§ **EXTRACTED ENTRIES**
Start of Block
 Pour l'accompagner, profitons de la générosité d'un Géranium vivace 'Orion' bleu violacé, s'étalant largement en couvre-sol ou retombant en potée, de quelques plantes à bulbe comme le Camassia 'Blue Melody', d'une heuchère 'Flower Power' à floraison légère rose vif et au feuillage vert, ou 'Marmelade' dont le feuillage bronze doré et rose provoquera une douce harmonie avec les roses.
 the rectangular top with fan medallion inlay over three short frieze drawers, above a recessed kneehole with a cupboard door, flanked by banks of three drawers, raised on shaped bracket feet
End of Block
Start of Block
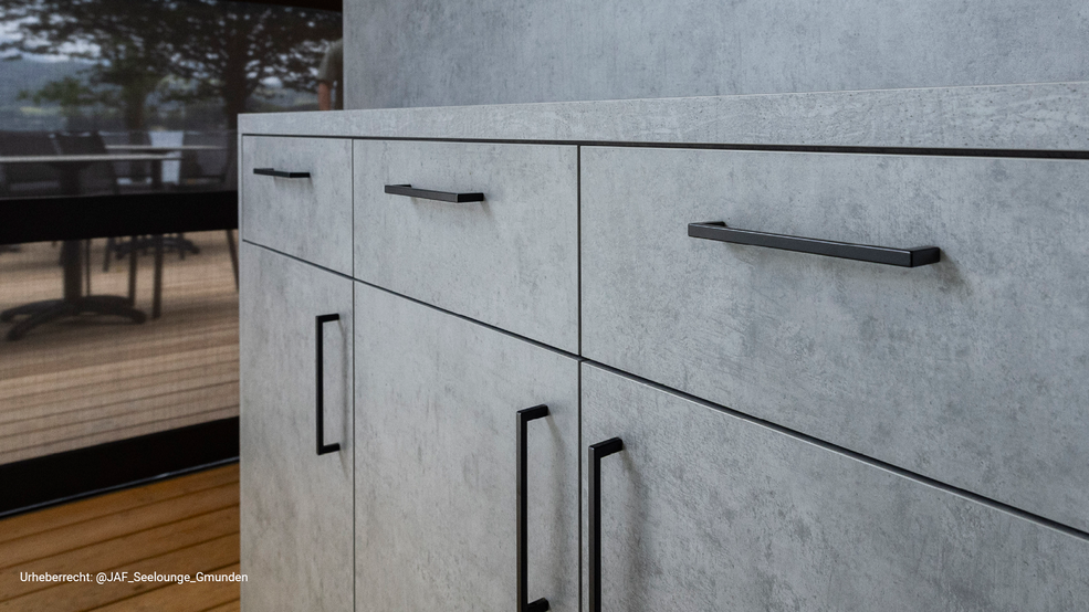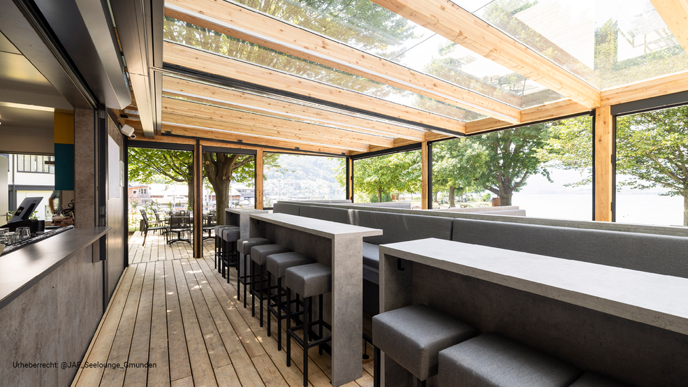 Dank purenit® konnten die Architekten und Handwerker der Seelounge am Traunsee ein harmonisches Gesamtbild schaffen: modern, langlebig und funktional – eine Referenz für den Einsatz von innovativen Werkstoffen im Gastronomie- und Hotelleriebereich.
End of Block
§ **EXERCISE DESCRIPTION**
Give an exact copy of the lines above from the line with "Pour l'accompagner, profitons" up to and including the line with "the rectangular top", and leave everything else out.

§ **ANSWER BELOW**
 Pour l'accompagner, profitons de la générosité d'un Géranium vivace 'Orion' bleu violacé, s'étalant largement en couvre-sol ou retombant en potée, de quelques plantes à bulbe comme le Camassia 'Blue Melody', d'une heuchère 'Flower Power' à floraison légère rose vif et au feuillage vert, ou 'Marmelade' dont le feuillage bronze doré et rose provoquera une douce harmonie avec les roses.
 the rectangular top with fan medallion inlay over three short frieze drawers, above a recessed kneehole with a cupboard door, flanked by banks of three drawers, raised on shaped bracket feet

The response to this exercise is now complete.